A dream of mine is to be able to experience the world and work on my art at the same time. The last month I have spent in Greece for most of the time, and about two weeks on the road in a van heading back north. 

I feel so lucky that I had the opportunity to do this, partly for the amazing experience but also getting a feel for what to consider when working on my art outside of my comfortable studio. Luckily, during this trip I've been able to move my studio to some of the best places I have worked in. In the mountains, by the sea, outside of my temporary apartment in the sun with an amazing view over the village.

I've also learned that having a plan is important. At least for me, I know that I need to have some sort of goal before hitting the road, in order to stay focused. This time, my goal was to finish some art pieces for a group exhibition in Mijas, Málaga, that I will take part of at the end of this month. 

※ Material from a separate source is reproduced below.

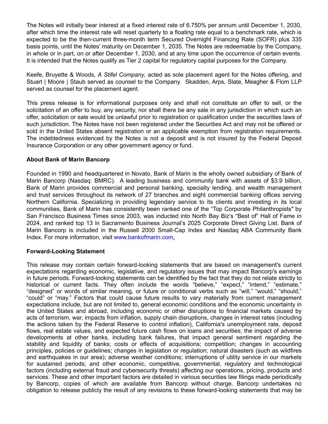 The Notes will initially bear interest at a fixed interest rate of 6.750% per annum until December 1, 2030, after which time the interest rate will reset quarterly to a floating rate equal to a benchmark rate, which is expected to be the then-current three-month term Secured Overnight Financing Rate (SOFR) plus 335 basis points, until the Notes’ maturity on December 1, 2035. The Notes are redeemable by the Company, in whole or in part, on or after December 1, 2030, and at any time upon the occurrence of certain events. It is intended that the Notes qualify as Tier 2 capital for regulatory capital purposes for the Company. Keefe, Bruyette & Woods, A Stifel Company, acted as sole placement agent for the Notes offering, and Stuart | Moore | Staub served as counsel to the Company. Skadden, Arps, Slate, Meagher & Flom LLP served as counsel for the placement agent. This press release is for informational purposes only and shall not constitute an offer to sell, or the solicitation of an offer to buy, any security, nor shall there be any sale in any jurisdiction in which such an offer, solicitation or sale would be unlawful prior to registration or qualification under the securities laws of such jurisdiction. The Notes have not been registered under the Securities Act and may not be offered or sold in the United States absent registration or an applicable exemption from registration requirements. The indebtedness evidenced by the Notes is not a deposit and is not insured by the Federal Deposit Insurance Corporation or any other government agency or fund. About Bank of Marin Bancorp Founded in 1990 and headquartered in Novato, Bank of Marin is the wholly owned subsidiary of Bank of Marin Bancorp (Nasdaq: BMRC). A leading business and community bank with assets of $3.9 billion, Bank of Marin provides commercial and personal banking, specialty lending, and wealth management and trust services throughout its network of 27 branches and eight commercial banking offices serving Northern California. Specializing in providing legendary service to its clients and investing in its local communities, Bank of Marin has consistently been ranked one of the “Top Corporate Philanthropists" by San Francisco Business Times since 2003, was inducted into North Bay Biz’s “Best of” Hall of Fame in 2024, and ranked top 13 in Sacramento Business Journal’s 2025 Corporate Direct Giving List. Bank of Marin Bancorp is included in the Russell 2000 Small-Cap Index and Nasdaq ABA Community Bank Index. For more information, visit www.bankofmarin.com. Forward-Looking Statement This release may contain certain forward-looking statements that are based on management's current expectations regarding economic, legislative, and regulatory issues that may impact Bancorp's earnings in future periods. Forward-looking statements can be identified by the fact that they do not relate strictly to historical or current facts. They often include the words “believe,” “expect,” “intend,” “estimate,” “designed” or words of similar meaning, or future or conditional verbs such as “will,” “would,” “should,” “could” or “may.” Factors that could cause future results to vary materially from current management expectations include, but are not limited to, general economic conditions and the economic uncertainty in the United States and abroad, including economic or other disruptions to financial markets caused by acts of terrorism, war, impacts from inflation, supply chain disruptions, changes in interest rates (including the actions taken by the Federal Reserve to control inflation), California's unemployment rate, deposit flows, real estate values, and expected future cash flows on loans and securities; the impact of adverse developments at other banks, including bank failures, that impact general sentiment regarding the stability and liquidity of banks; costs or effects of acquisitions; competition; changes in accounting principles, policies or guidelines; changes in legislation or regulation; natural disasters (such as wildfires and earthquakes in our area); adverse weather conditions; interruptions of utility service in our markets for sustained periods; and other economic, competitive, governmental, regulatory and technological factors (including external fraud and cybersecurity threats) affecting our operations, pricing, products and services. These and other important factors are detailed in various securities law filings made periodically by Bancorp, copies of which are available from Bancorp without charge. Bancorp undertakes no obligation to release publicly the result of any revisions to these forward-looking statements that may be

I came across some challenges while being in Leonídio. The first one: I worked on different pieces for too long not being sure which ones I wanted to participate with, so once I set my mind to two specific paintings, suddenly I did not have a lot of time to finish them before having to ship them off to Spain. Second challenge: I decided to extend my trip which came with the consequences that I wouldn't make it home in time to ship them from home and know for sure they would make it to the gallery in time. Leading to the next set of challenges: Framing, packing and shipping from Leonídio. Where would I find frames in this unusual format? How do I pack them properly? Will it be possible to ship it from a different country and trust that it will work out without issues? How will I figure this out with very few people speaking English? 

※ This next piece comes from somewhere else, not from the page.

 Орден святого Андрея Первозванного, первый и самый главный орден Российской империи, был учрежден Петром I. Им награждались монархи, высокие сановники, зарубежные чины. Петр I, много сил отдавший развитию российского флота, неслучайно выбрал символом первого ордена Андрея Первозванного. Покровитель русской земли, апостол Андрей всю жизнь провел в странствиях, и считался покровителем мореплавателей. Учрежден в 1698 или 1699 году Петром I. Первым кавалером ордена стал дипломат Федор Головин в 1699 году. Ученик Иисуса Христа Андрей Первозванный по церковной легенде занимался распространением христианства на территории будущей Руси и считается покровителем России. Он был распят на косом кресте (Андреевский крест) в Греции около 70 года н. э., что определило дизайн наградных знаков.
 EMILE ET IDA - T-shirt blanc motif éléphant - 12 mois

Turns out, that down the road from my apartment was a wood working shop. Luckily the friendly man in there spoke some German, as did my friend who could explain my situation. About an hour later I had two built frames in the perfect format. He even let me borrow his staple gun to stretch my paintings.

Next step: Packing. I went by all thinkable stores that could have leftover pieces of bubble wrap, which apparently was an impossible mission to complete. Eventually I managed to buy by the meter from a very messy store with a friendly Greek old man and his English speaking son. I also swung by the post office to make sure they could ship to Spain, as well as getting a perfectly shaped box they used for some storage to pack my paintings. Paintings could be packed!

New problem the day after, in Leonídio Easter is a very big holiday, meaning that the last couple of days I would actually be in the village - the post office would be closed. A simple solution for this was to just bring the carefully packed box with us in the space-lacking van we would be calling home for the upcoming couple of weeks. A few days later I proudly shipped my package from Meteora, Kalambaka. This all thought me that it is possible to handle challenges even out on the road!